India Cements’ Q4FY12 result was sharply below our estimates led by lower than- expected sales volume (2.6mt vs. est. 2.7mt), higher employee expenses (Rs921mn vs. est. Rs780mn) and higher power & fuel cost (Rs1,221/tonne vs. est. Rs1,150/tonne). Impacted by lower sales volume, the company reported revenue of Rs11.2bn against our estimate of Rs11.9bn. EBITDA at Rs2.15bn was 14.7% lower than our estimate of Rs2.5bn due to higher employee cost and power & fuel cost and EBITDA margin was at 19.3%, 1.9pp lower than estimate of 21.1%. Higher employee cost was due to higher directors’ remuneration and provision for leave encashment. Higher-than-expected cost pressure resulted in EBITDA/tonne of Rs828 against our estimate of Rs897/tonne. Adjusted profit was 20.5% below our estimate of Rs649mn. Cement despatches in the south region grew 9% in Q4 against a negative growth of 3% in 9MFY12. However, going forward, the management expects demand growth at 7-8% in FY13E. Cement realization increased by 25% YoY in FY12 despite lower utilization rate of 67% and the management is confident of passing on any cost push to consumers. Led by higher realization EBITDA margin improved to 20.3% in FY12 against 12.1% in FY11 and we
expect it to reach 22.8% in FY13E. We maintain Buy on the stock with a target price of Rs118 (upside of 35% from CMP).

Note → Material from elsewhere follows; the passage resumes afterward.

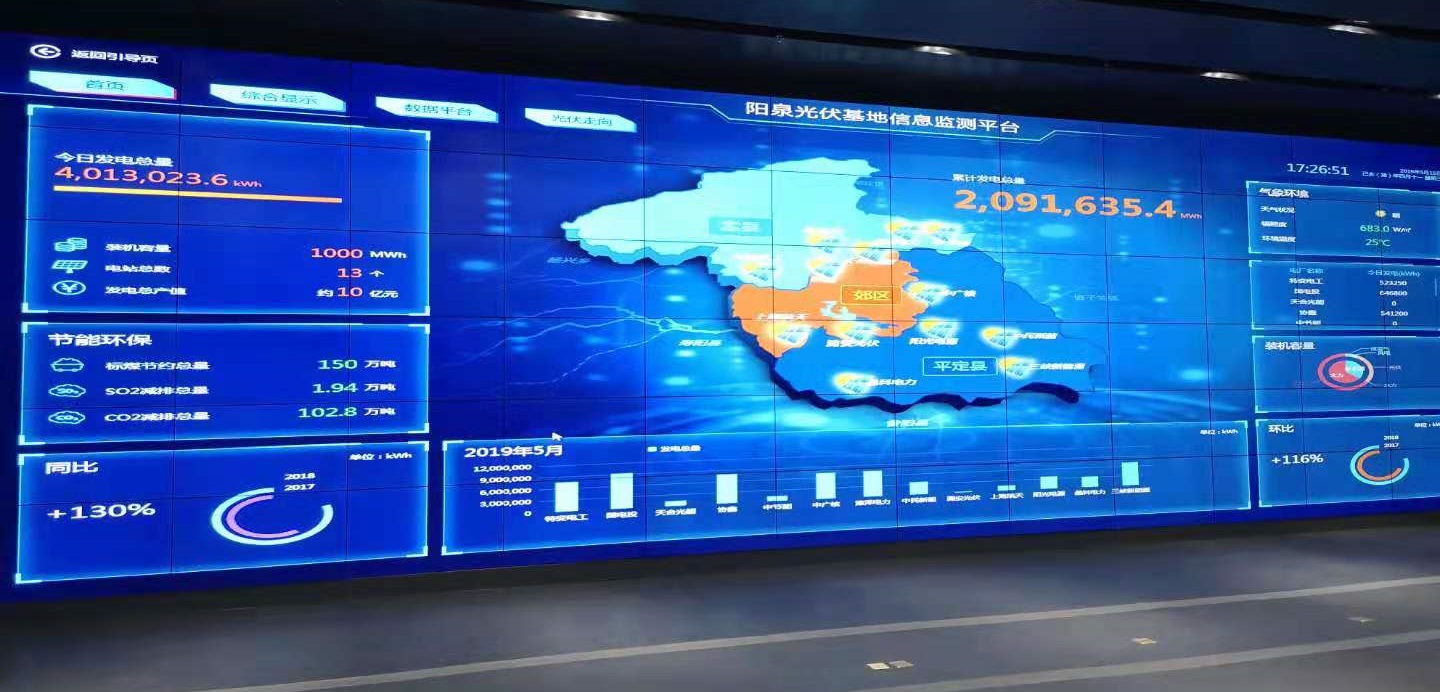 信息平臺匯集了光伏領跑者項目十三家投資商的實時發(fā)電數(shù)據(jù)、地理位置、具體信息。整個項目裝機容量為1000MW(兆瓦),年發(fā)電總產(chǎn)值約10億元。以及在建和列入開發(fā)方案的共計48萬千瓦風電項目。為拓寬平臺的服務領域,實現(xiàn)平臺的綜合化利用,該平臺除實現(xiàn)對光伏基地整體運行情況的實時監(jiān)測外,還可以通過可視會議系統(tǒng),實時連線重點工程情況。

 Higher realization and sales volume leads to improved performance:
Revenue of the company increased 11.8% YoY to Rs11.2bn driven by a) 11.4% YoY increase in cement realization to Rs4,248/tonne and b) 2% YoY increase in cement sales volume to 2.6mt. Improvement in realization and sales volume led to 20.4% YoY growth in EBITDA to Rs2.15bn and EBITDA margin improved 1.4pp YoY to 19.3%. Adjusted profit of the company increased 18.6% YoY to Rs649mn.


 Lower sales, higher operating cost lead to below expected EBITDA/tonne:
Cement and Clinker sales volume was at 2.6mt against our estimate of 2.7mt, which led to below expected revenue. Higher employee expense (Rs921mn vs. est. Rs780mn due to Rs110mn each for director’s remuneration and provision for leave encashment) and higher power & fuel cost (Rs1,221/tonne vs. est. Rs1,150/tonne) resulted in lower-than-estimated EBITDA margin of 19.3% (est. 21.1%) and EBITDA/tonne of Rs828 (est. Rs897/tonne).


 Increase in operating costs offset by steep increase in realization:
Operating cost for the Cement division increased 10% YoY to Rs3,426/tonne due to higher power & fuel cost, freight cost and employee expenses. Employee expense increased 34.8% YoY to Rs354/tonne and freight cost by 10.6% YoY to Rs815/tonne due to higher railway freight charges and diesel price. Power & fuel cost increased 24.1% YoY to Rs1,221/tonne due to a) increase in Electricity charges by Tamil Nadu and Andhra Pradesh SEBs, b) increase in domestic coal price and c) higher use of imported coal in Q4.




 Maintain Buy on attractive valuations: At the CMP, the stock trades at 6.3x FY14E EPS, 4.3x EV/EBITDA, and EV/tonne of US$73.3. The company is set to benefit from commissioning of power plants and coal procurement from Indonesian mines. We maintain Buy on the stock with price target of Rs118.